* _TASK DESCRIPTION_
Please copy the lines below, exactly as they are, from the one with "American Manuscript Material" through the one with "<!--pages/login/login.wxml--> <view> <i-input", and leave out the pictures.

*** Opening of RECORDS ***

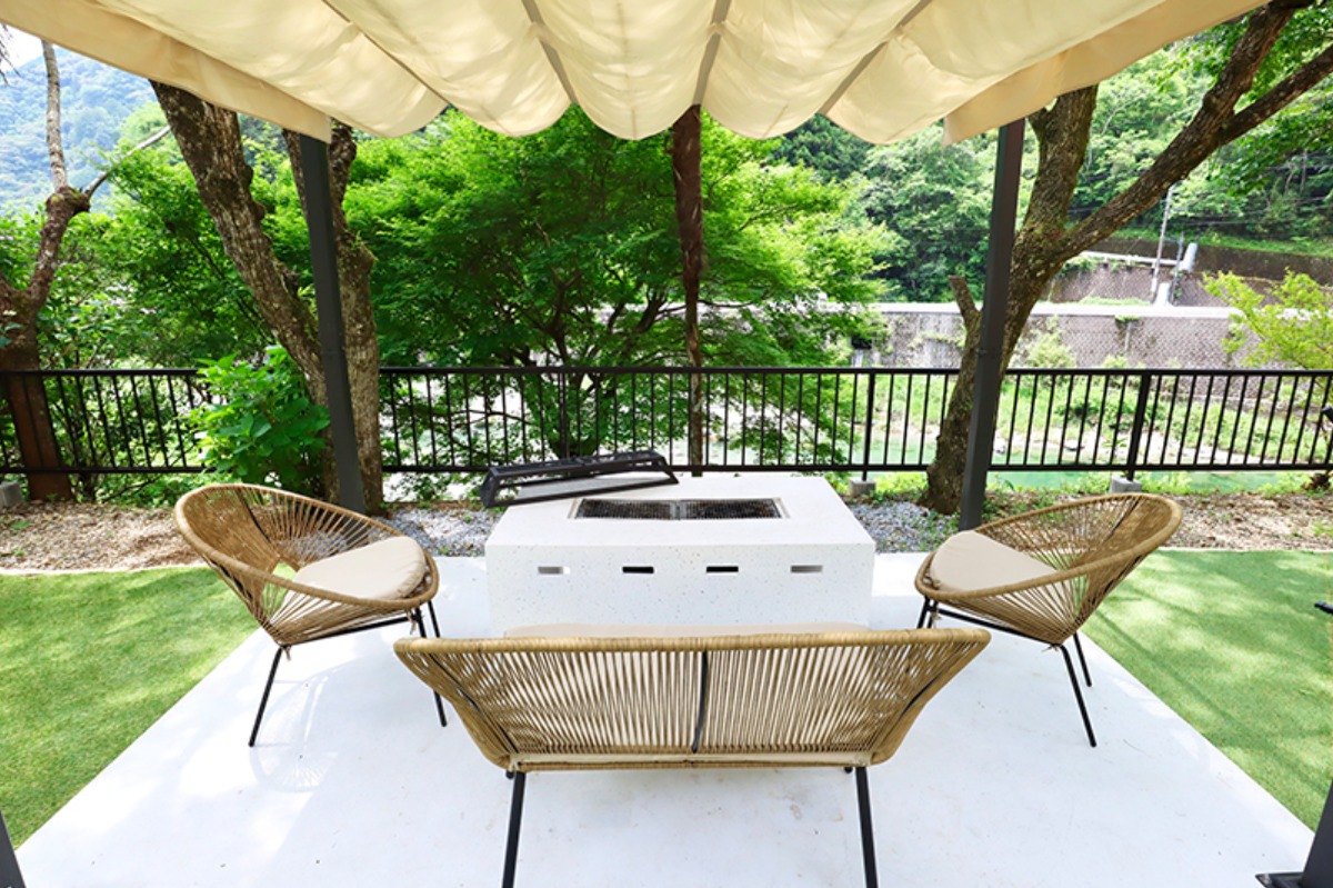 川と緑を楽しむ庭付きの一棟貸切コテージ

*** Close of RECORDS ***
*** Opening of RECORDS ***

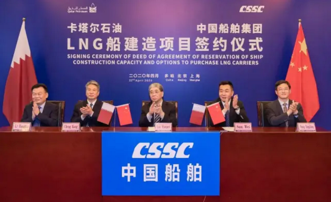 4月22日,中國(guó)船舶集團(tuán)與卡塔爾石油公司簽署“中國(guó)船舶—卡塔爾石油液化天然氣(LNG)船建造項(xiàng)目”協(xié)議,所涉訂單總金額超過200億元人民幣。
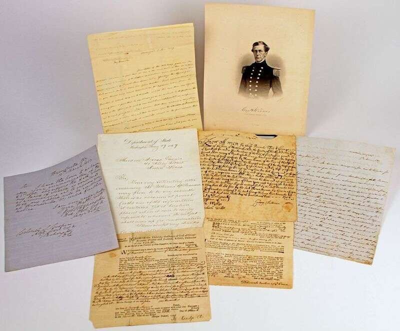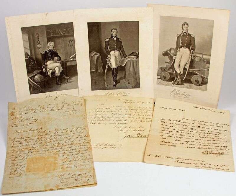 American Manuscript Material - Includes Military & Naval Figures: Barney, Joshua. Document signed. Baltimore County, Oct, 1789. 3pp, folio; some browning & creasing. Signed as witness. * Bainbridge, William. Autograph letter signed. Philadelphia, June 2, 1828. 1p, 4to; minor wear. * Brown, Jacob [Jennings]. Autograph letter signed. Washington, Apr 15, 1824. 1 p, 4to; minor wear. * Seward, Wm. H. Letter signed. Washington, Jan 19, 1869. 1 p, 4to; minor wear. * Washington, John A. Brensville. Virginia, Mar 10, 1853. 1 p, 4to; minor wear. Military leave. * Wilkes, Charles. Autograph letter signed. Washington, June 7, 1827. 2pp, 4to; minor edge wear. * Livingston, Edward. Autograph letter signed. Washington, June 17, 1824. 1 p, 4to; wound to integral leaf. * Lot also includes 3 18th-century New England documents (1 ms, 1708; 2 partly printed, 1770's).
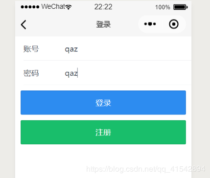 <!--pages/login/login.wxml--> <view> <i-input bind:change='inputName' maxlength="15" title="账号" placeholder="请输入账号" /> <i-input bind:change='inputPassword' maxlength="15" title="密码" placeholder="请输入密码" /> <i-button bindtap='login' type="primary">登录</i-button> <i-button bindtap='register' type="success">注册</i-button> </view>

*** Close of RECORDS ***

* _EXERCISE ANSWER_
 American Manuscript Material - Includes Military & Naval Figures: Barney, Joshua. Document signed. Baltimore County, Oct, 1789. 3pp, folio; some browning & creasing. Signed as witness. * Bainbridge, William. Autograph letter signed. Philadelphia, June 2, 1828. 1p, 4to; minor wear. * Brown, Jacob [Jennings]. Autograph letter signed. Washington, Apr 15, 1824. 1 p, 4to; minor wear. * Seward, Wm. H. Letter signed. Washington, Jan 19, 1869. 1 p, 4to; minor wear. * Washington, John A. Brensville. Virginia, Mar 10, 1853. 1 p, 4to; minor wear. Military leave. * Wilkes, Charles. Autograph letter signed. Washington, June 7, 1827. 2pp, 4to; minor edge wear. * Livingston, Edward. Autograph letter signed. Washington, June 17, 1824. 1 p, 4to; wound to integral leaf. * Lot also includes 3 18th-century New England documents (1 ms, 1708; 2 partly printed, 1770's).
 <!--pages/login/login.wxml--> <view> <i-input bind:change='inputName' maxlength="15" title="账号" placeholder="请输入账号" /> <i-input bind:change='inputPassword' maxlength="15" title="密码" placeholder="请输入密码" /> <i-button bindtap='login' type="primary">登录</i-button> <i-button bindtap='register' type="success">注册</i-button> </view>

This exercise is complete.